Wednesday, September 17, 2014

Side Story: Media & Television Broadcasting

Robert Ellis
(Note: I know that over the past two weeks we have been able to see the NFL for what it really is. A greed machine, so protective of its brand, so focused on doing whatever it takes to "get the money" that acting like a human being and doing the right thing doesn't mean much anymore. This post has nothing to do with the NFL. We'll save that for another day. Instead, this post is about something incredible that happened last Sunday during a game.)

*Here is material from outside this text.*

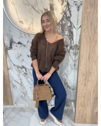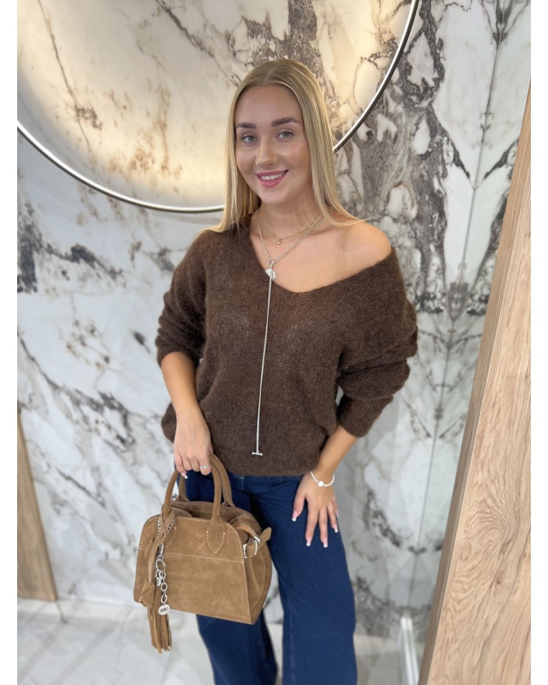 Miękki sweter z dekoltem w serek i długim rękawem. Idealny na chłodniejsze dni, zapewnia komfort i kobiecy wygląd.

I spend most of my time in the New York media market these days. This past Sunday I was watching a football game between the New York Giants and the Arizona Cardinals. The Giants aren't very good this year. The game was long and boring and one of the worst games I've ever seen in my life. When the ordeal was finally over, FOX cut to what was left of the game between the Cleveland Browns and the New Orleans Saints.

I was about to reach for the clicker when something remarkable happened.

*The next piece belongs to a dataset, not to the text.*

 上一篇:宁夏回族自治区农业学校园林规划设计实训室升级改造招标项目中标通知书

Cleveland Browns First Energy Stadium
There was a glitch in the transfer to the Cleveland game. The picture came over, and so did the audio from the mikes on the field and in the stands. But the audio feed from the booth never made it. The announcers were gone!

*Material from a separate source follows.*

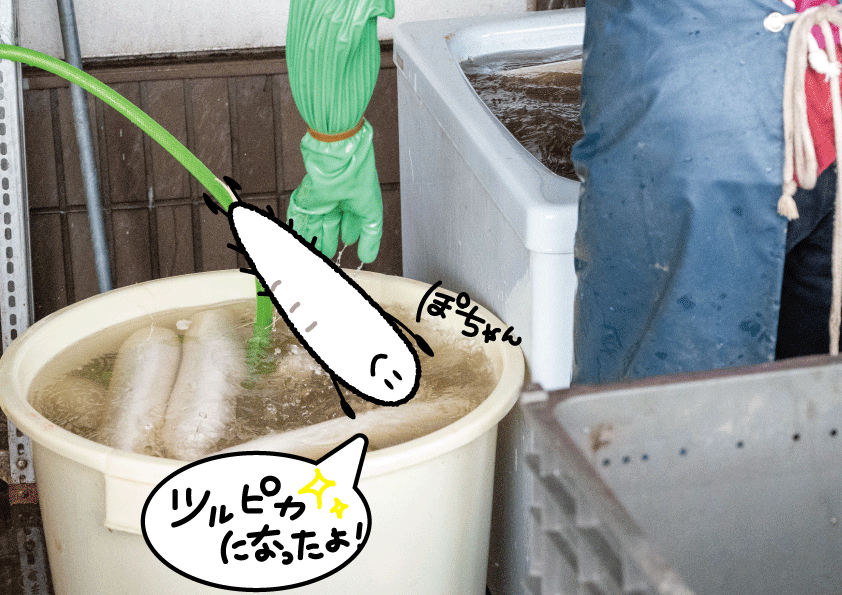 専用の機械を通るとドロドロだった大根がとゅるん!と白い大根になります。

The game was a shocker, the score, 24-23 in favor of New Orleans. Cleveland made a terrific play, and the ball was spotted within field goal range with 13 seconds to go. The reason I'm writing about this is that the story was being told with just pictures and the sound of the crowd. The drama was all amped up, I think, because we weren't being told what we were seeing. Instead, we were taking it in first hand as if we were actually in the stands. The truth is, it was better than being in the stands. We had close-up shots from every angle, and the director kept cutting from shot to shot.

Cleveland kicked the field goal and won. The stadium rocked. Sixty thousand people were going crazy.

When the camera cut to Cleveland's bench -- the players and coaches -- the looks on their faces, the disbelief, the shock and awe, the pure joy -- I'd never seen anything like it. The moment lasted for more than five minutes and still no one noticed that the announcers hadn't been wired in. It was the best five minutes in sports broadcasting that I've ever seen.